The combined complexity gradient presents a major challenge to traditional monitoring technology.
Complexity and the Breakdown of Traditional Monitoring Approaches
These four dimensions of complexity mean that IT systems are being composed of an ever growing number of ever more differentiated, autonomous components. Historically, monitoring technology has specialized according to the nature of components or objects being monitored. As networks, servers, storage, and applications were bought and implemented independent of one another, the monitoring technologies themselves fragmented into tools for network monitoring, infrastructure monitoring, storage monitoring, and eventually application monitoring. The rationale behind this specialization was two-fold.
First, each of the component types generated distinctive data types within distinctive contexts. So it made sense to optimize data ingestion technology to suit the environment from which data was being gathered. Second, the components themselves interacted with one another relatively infrequently and in highly predictable ways. Hence there was little need to integrate observations from one component with observations from another component. Certainly such synergy was nice-to-have: to see how one’s IT system operated from end to end. But the truth was: most performance problems of a particular component were caused by rogue state changes occurring within that component, and that component alone. Root cause analysis rarely required looking anywhere else.

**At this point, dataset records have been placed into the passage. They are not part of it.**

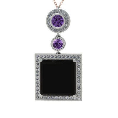 Siyah zirkon, ametist ve beyaz zirkon 925 ayar gümüş kolye (40 cm rose altın rolo zincir)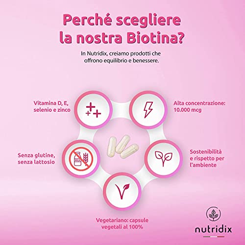 BIOTINA CON ZINCO, SELENIO E VITAMINE. La biotina Nutridix ha nella sua formula la presenza di minerali come lo zinco e il selenio. Inoltre, vengono aggiunte le vitamine D ed E, che completano una combinazione di ingredienti variegati e 100% vegetariani.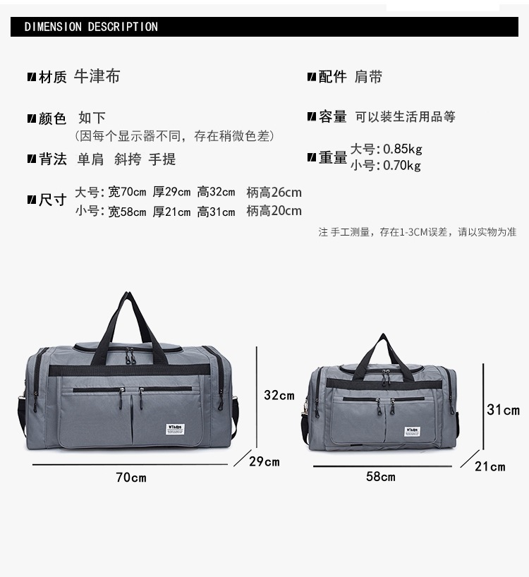 亲们一定要注意,这款旅行包是用来装衣服之类的行李的,要根据包包的容量装东西,不要装的鼓鼓囊囊的,装不下了还使劲的往里面塞,那样容易把拉链撑坏。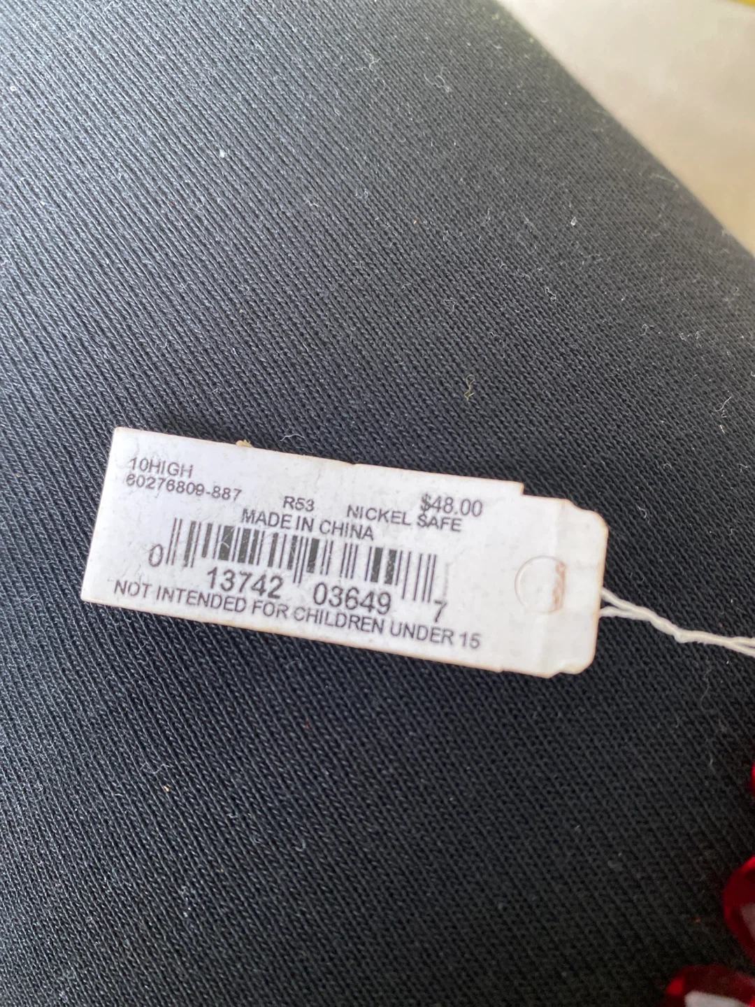 This is a beautiful Jones New York red beaded necklace. It features red beads with gold-tone accents. The tag shows it was originally $48. Nickel safe and not intended for children under 15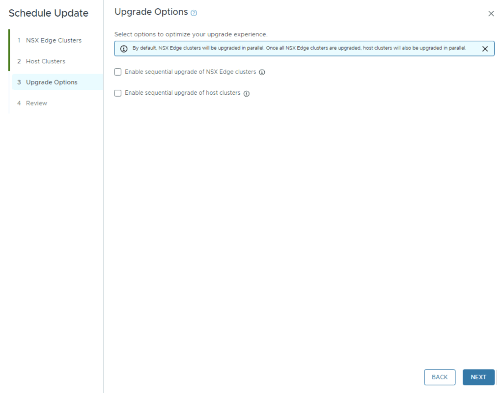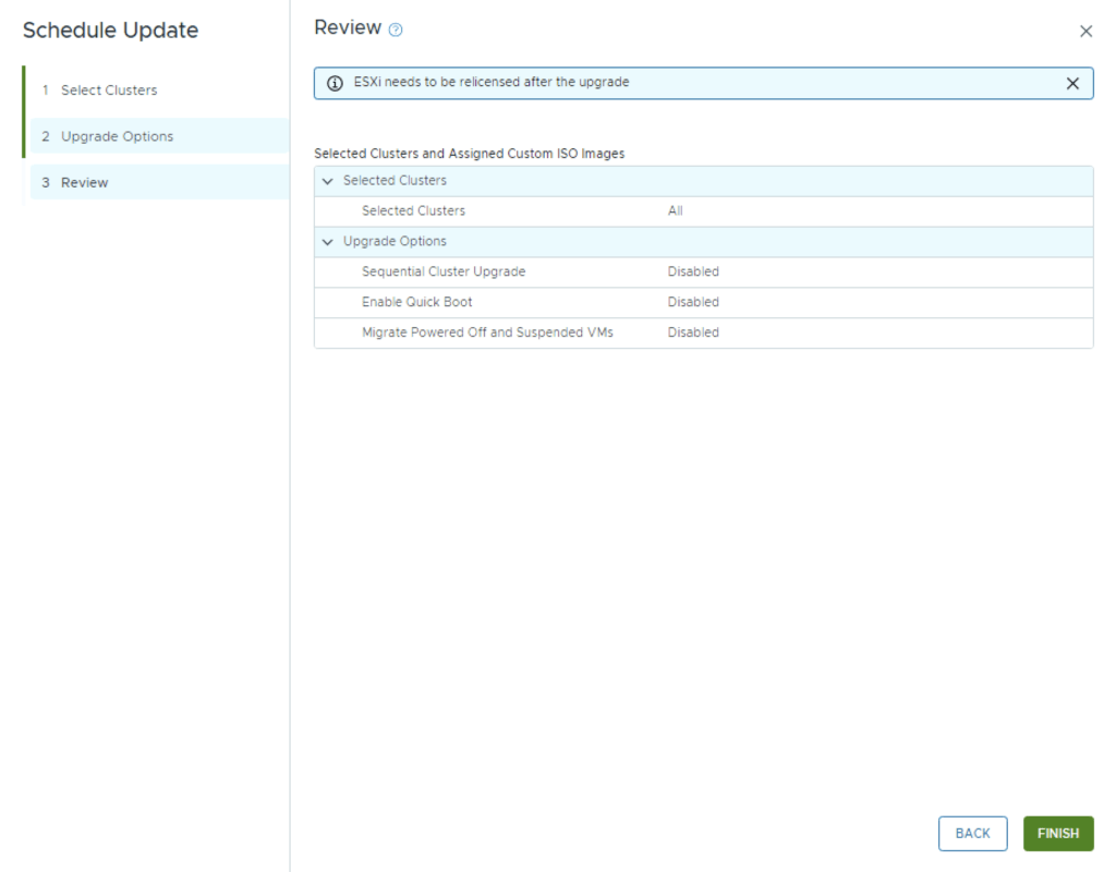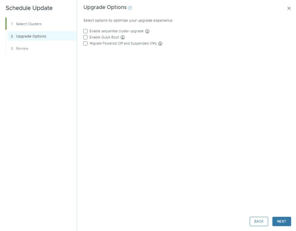 We can also enable sequential cluster upgrade, quick boot and the ability to evacuate offline VMs part of the maintenance. Click Next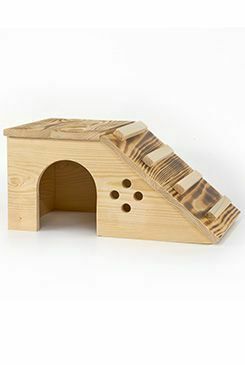 Netradiční tvar domečku ALDER nabízí morčatům zajímavou atrakci, kdy po šikmé části střechy mohou jako po rampě vylézt na vodorovnou část střechy.

Fast forward to the hyper scale and complexity of IT systems today. Modern IT infrastructure has undermined the original rationale for specialization. The number of disparate components has simply grown too large to support component specific monitoring. Not only have architectural layers multiplied, but also the function and behavior of components within each architectural layer (containers or not) have become radically distinct from one another (see Figure 1). The knowledge of how one component behaves cannot be applied to another. The rules for how to interpret the self-describing data generated by one component cannot be assumed for another. Back in the day, four to five monitoring tools ingesting data from a single stack may have been awkward. Today’s ten, twenty, fifty different monitoring tools have become impossible.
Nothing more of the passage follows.